_TASK REQUIREMENTS_.
Look for the line that has "Agrafeuse capable d'agrafer" in the material below; please repeat it and every line after it, exactly, up to and including the line that has "i笛云听写支持录音转文字、播放音频、多端同步功能、外部文件导入、分享等。", and nothing else.

[[ INPUT DATA, beginning ]]

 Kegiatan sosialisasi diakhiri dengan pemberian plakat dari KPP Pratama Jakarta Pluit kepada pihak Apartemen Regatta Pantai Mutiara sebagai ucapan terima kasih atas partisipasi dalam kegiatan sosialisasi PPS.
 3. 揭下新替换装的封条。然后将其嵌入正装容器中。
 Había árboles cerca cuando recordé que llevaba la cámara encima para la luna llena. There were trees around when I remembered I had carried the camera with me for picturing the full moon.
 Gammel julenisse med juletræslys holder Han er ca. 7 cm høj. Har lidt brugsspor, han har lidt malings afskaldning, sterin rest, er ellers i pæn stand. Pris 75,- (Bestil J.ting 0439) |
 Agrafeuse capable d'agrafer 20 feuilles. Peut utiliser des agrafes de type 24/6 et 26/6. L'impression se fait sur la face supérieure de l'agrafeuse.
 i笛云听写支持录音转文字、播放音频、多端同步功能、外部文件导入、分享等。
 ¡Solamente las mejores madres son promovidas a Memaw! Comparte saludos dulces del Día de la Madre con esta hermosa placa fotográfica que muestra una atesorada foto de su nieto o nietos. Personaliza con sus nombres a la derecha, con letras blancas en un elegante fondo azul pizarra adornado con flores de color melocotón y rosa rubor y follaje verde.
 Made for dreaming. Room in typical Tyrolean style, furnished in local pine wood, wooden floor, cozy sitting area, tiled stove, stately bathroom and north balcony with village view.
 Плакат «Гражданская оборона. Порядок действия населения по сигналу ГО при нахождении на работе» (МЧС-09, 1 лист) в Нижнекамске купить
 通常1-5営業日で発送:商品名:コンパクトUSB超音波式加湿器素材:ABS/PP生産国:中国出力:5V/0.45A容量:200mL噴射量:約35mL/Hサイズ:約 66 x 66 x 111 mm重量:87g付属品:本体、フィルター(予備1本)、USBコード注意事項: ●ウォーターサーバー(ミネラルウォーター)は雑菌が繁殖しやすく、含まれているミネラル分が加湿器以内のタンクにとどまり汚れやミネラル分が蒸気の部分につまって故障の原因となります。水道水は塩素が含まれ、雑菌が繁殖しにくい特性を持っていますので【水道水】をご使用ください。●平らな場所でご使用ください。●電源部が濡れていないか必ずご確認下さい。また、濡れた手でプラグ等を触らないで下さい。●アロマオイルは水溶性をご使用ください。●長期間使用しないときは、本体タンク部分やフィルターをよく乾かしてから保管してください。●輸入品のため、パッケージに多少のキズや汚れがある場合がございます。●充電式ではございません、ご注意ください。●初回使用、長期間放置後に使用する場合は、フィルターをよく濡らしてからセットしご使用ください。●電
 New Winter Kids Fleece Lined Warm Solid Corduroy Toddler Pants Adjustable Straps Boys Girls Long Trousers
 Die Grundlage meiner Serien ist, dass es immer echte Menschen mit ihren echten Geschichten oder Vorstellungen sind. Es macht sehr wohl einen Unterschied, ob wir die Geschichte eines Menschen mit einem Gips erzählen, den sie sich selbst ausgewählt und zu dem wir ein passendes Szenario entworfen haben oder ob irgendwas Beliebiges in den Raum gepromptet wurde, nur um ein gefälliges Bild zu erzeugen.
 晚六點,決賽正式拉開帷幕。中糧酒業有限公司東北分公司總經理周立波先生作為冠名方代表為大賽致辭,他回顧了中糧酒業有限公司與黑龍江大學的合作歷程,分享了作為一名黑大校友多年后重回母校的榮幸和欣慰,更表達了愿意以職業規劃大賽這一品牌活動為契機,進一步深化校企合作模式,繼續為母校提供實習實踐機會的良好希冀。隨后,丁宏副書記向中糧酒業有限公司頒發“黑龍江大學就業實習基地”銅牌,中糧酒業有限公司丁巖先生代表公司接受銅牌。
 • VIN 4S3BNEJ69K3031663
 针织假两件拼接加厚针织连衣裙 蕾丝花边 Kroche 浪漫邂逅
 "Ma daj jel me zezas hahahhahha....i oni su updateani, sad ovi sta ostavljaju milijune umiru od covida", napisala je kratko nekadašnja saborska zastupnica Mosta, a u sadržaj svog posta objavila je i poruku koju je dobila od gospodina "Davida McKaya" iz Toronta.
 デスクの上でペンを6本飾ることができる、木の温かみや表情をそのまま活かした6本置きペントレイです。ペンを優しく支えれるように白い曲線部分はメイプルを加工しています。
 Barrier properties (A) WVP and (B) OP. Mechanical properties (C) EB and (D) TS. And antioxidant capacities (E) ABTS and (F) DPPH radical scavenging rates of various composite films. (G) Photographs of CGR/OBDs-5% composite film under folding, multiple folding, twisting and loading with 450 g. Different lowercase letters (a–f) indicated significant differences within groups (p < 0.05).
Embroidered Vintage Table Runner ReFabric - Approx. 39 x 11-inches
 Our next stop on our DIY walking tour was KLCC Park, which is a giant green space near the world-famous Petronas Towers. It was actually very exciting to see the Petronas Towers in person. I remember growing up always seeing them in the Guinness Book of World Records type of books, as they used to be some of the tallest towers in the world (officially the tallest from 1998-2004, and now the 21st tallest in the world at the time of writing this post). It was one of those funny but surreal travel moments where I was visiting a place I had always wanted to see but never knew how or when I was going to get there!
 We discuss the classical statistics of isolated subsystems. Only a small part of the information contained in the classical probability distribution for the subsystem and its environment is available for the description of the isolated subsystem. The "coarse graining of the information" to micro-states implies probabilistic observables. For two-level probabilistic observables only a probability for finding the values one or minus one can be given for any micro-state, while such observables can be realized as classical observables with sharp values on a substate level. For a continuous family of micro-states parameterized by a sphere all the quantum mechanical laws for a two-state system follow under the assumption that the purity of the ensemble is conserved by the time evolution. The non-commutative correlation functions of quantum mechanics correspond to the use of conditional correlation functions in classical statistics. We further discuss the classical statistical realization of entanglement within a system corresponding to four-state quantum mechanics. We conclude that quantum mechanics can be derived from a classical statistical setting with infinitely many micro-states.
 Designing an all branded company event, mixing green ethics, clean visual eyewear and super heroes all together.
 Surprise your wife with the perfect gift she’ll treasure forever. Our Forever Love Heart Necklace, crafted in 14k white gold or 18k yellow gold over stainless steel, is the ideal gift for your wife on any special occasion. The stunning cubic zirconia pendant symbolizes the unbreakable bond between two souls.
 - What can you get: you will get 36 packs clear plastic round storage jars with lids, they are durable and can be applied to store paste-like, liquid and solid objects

[[ INPUT DATA, end ]]

_FINAL ANSWER_.
 Agrafeuse capable d'agrafer 20 feuilles. Peut utiliser des agrafes de type 24/6 et 26/6. L'impression se fait sur la face supérieure de l'agrafeuse.
 i笛云听写支持录音转文字、播放音频、多端同步功能、外部文件导入、分享等。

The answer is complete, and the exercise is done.